People in the rest of Canada might not know the name Norbourg. Norbourg was the name of a company owned by another fraud artist, named Vincent Lacroix. Lacroix was behind bars serving an eight-year sentence after prosecution by the Autorité des marchés financiers in Quebec, the financial markets regulatory authority in the province, before the first federal criminal prosecution even began.

The provinces have no lessons to receive from the federal government with regard to the regulation of financial markets. It has worked. The provinces have done their jobs. The federal government has not done its job. It is astounding to hear the federal government simply affirm that we should just allow the federal government to move into an area of exclusive provincial jurisdiction and that it is something that would be better for the country. It is wrong. We know that it is wrong.

Interestingly enough, some newspapers have tried to say that Mark Carney, the Governor of the Bank of Canada, is somehow in favour of the federal government moving into this sphere. I would like to read what Mark Carney says. I have had the pleasure of meeting him quite often. I have never heard Mark Carney come out four-square in favour of what the federal government is trying to do. I have heard him talk about the importance of having a regime that produces results.
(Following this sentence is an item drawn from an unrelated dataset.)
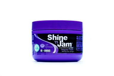 Description: Shine ’n Jam® Regular Hold Gel is a moisturizing, non-flaking styling gel that provides firm, non-greasy hold. Enhanced with Echinacea...

That is what we have.

Some journalists interpret Mr. Carney's remarks as an affirmation that he is in favour of the federal government imposing itself in this area. I have never heard Mr. Carney say any such thing. I defy them to prove to me, in Mr. Carney's own words, that he has ever given his support to this scheme. He has always talked about the need for a regime that works, and that is what we have.

The passport system works. There has never been a problem with it. As the old saying goes, “if it ain't broke, don't fix it”, but that is not going to stop the federal government from continuing to try to destabilize the confederation, to break the federative pact, and to go after the provinces.
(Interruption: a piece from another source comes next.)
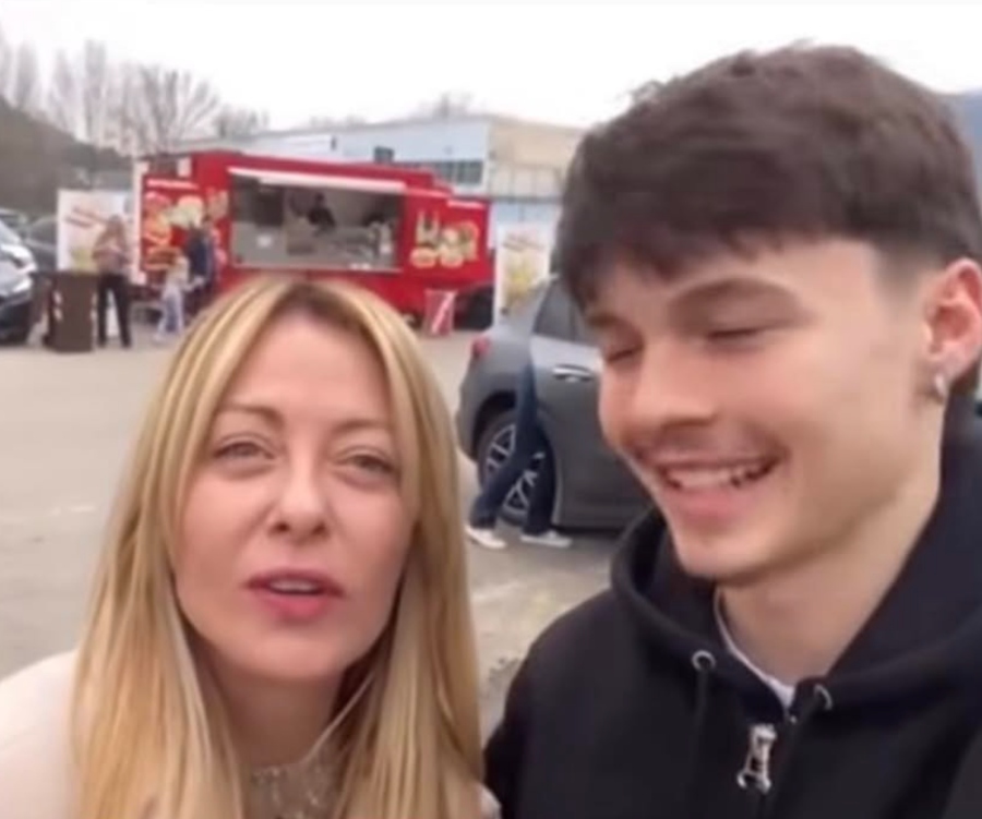 Proprio mentre si prepara lo scatto, il giovane sorprende la premier con una dichiarazione diretta: al referendum sulla giustizia voterà “No”. Una frase pronunciata senza provocazioni evidenti, ma che arriva in un momento del tutto inaspettato.

If it were only the province of Quebec that was screaming bloody murder in this case, one could imagine how easy it would be for the Conservatives and the rest of Canada. However, two other major provinces are onside with Quebec. We are getting an interesting vibration from British Columbia, which seems to be about to say the same thing. The two other provinces that are saying the same thing are Manitoba and the Prime Minister's own home province of Alberta. We will see--

Opposition Motion—Securities RegulationBusiness of SupplyGovernment orders

12:35 p.m.

NDP

The Acting Speaker NDP Denise Savoie

Order, please. Questions and comments. The hon. member for Hochelaga.

Opposition Motion—Securities RegulationBusiness of SupplyGovernment orders

12:35 p.m.

Bloc

Daniel Paillé Bloc Hochelaga, QC

Madam Speaker, the member used a French expression “bottines suivant les babines” that brings some particular movies to mind, but I am sure the hon. member for Outremont was not referring to Quebec cinema, where the image would then be about a skunk trailing along after a simpleton. All joking aside, this is where we see the two solitudes within Canada.
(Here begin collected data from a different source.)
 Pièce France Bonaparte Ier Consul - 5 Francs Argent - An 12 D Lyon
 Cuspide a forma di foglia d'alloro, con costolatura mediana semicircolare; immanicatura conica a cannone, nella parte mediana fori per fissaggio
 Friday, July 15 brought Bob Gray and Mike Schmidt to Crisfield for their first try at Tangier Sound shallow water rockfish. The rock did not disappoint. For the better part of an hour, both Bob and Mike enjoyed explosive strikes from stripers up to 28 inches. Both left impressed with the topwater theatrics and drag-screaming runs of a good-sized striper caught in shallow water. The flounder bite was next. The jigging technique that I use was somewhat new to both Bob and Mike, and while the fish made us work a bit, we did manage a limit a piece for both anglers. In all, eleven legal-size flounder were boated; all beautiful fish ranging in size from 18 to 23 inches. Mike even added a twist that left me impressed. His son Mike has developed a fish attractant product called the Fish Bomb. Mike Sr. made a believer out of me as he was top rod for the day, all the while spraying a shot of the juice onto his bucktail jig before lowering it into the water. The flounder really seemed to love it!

I wonder if he could repeat his arguments in French. We recognize the area of expertise but not the jurisdiction. The members across the floor, probably innocently, are giving a false impression, which has become a false representation, saying that if they had been there, Earl Jones would not have had any victims and none of it would have happened. The hon. member for Outremont has very clearly demonstrated that this is false. I wonder if he could repeat that in French.